For what they cost I would always have an excess of battery, two or three in parallel, good ballast, trickle charge, no worries. Don't like having to eke out the power, worry about will the VHF work if I need help in the end.
 
Hi,
I have treated my battery not that well for last 2 years, and I am not sure of its condition. I used only 2W maintainer during the season. Now I have 20 W solar panel. Anyway, with 5A load, after the half a year of lying idle, voltage in the system was 11.9 V. Cant really take battery for test now ....

Re-reading your original post it seems to me that you are still optimistic that that your main battery may be OK and that, just in case it isn't, you could buy an emergency battery. Given the few clues above I think if would be reasonable to assume the worst and replace the main battery rather than go down this emergency route. Given your mostly modest loads your 20 watt panel should then be able to maintain it properly.
 
You are trying to balance long term trickle charge against intermittent higher load use, hence, have more storage capacity....IMO...
120 AH quoted at £105 this week.
 
The length of time it would power your bilge pump might be a worry.

Yes but so far its more than managed the job and powered the lights. Of course if it was a larger boat or there was a leak to look after - then lets be honest - you could be in situation that no battery is big enough !
Its also to be noted that the pump kicks in when water level is low - so it doesn't have to run for long ... we also have 20 hour daylight this time of year for the solar panel that tops the battery up.
 
OP might consider setting up set of lithium18650 batteries for his boat power. Get 1,2or3 holders for 3 cells. Typically about 2 AH for each cell. You need 3 in series fro 11 to 12v. then parallel more sets of 3 in series to multiply AH capacity. You need a 3S charge controller like this 12V 3S MPPT Solar Panel Controller Lithium 18650 Battery Pack Charging Module | eBay. NB the Chinese happily throw around the term MPPT when it is certainly not Max power point racking from PV cell. These controllers will cut off charge when cells come up. NB each cell is monitored individually so 4 wires to cell pack. The controller will also cut off output at high current or low cell voltage which is good. However I found with 25w radio I need to connect straight to cells because current drain was too high for controller.
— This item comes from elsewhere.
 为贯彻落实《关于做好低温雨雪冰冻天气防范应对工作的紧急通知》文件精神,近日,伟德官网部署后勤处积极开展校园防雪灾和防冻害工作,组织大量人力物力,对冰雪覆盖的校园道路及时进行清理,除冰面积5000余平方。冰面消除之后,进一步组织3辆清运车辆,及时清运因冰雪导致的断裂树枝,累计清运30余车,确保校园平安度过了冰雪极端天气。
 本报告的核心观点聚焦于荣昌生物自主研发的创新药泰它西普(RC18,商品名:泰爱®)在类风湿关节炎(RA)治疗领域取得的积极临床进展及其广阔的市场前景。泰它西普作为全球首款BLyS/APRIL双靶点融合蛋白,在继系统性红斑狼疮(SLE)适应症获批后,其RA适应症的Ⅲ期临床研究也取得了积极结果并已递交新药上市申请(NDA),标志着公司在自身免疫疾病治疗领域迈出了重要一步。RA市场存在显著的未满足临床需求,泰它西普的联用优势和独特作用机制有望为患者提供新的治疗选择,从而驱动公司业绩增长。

See my previous post re 18650 batteries from China (ebay) if they claim 6000 to 10000maH you can expect around 200maH. 18650 at best will do around 3000maH. Just an option to experiment with. ol'will

Just a note of caution .... 18650 cells are in at least two voltage versions ... and if you charge the lower rated to the higher 4.2V standard - they will not last long.
18650's are popular cells for our RC gear and we make sure to get the 4.2V max per cell versions.
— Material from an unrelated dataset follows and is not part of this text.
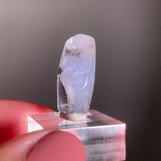 This Dumortierite polished freeform showcases rich indigo, denim-blue, and violet hues with subtle marbling from quartz and feldspar. Expertly hand-polished, each piece highlights natural swirling patterns and fibrous textures, making it a uniquely beautiful example of this captivating mineral.

18650's are hardy cells and can take abuse - but care in connecting up packs - they can discharge at extremely high rates if a mistake made .. pal of mine blew a pack with just the simplest stupid mishap ... that could have resulted in a fire if he hadn't been there.
 
I used to have a 35-40Ah battery. Running VHF, depth, plotter and autopilot on a 21’ boat it would drop 50% crossing Lyme Bay. No solar to charge as I went. I’m still obsessive about battery state even after moving to a110Ah house battery on a different boat.
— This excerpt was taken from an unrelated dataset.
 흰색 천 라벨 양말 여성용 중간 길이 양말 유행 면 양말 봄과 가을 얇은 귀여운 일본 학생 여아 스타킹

My 25ft Sunrider has two 90 A/hr Car batterys ... yes car batterys ... I can get 2nd hand ones cheap as chips and usually they come from scrapped cars and in as new condition. I can easily get 4 - 5 years out of each ... and at 25 euros a pop .. nice. Even if I have to replace during a trip ... I'm still quids in buying a new one, and easily obtained in any port.
My Baltic cruises are usually of 8 - 10 days duration with about 2hrs motor sailing / 5hrs pure sailing per day. Batterys at end of trip are still at or near full. The engine - Perkins 4107 has the typical 45A car alternator and there is no fancy charge system on board ... that includes running my coolbox which draws up to 8A (its on a relay that only kicks in when engine is on + a manual over-ride switch).

Just remarking ... and before I get advice on what to modify / change ... I have no plan to change it !! Why ?? it works.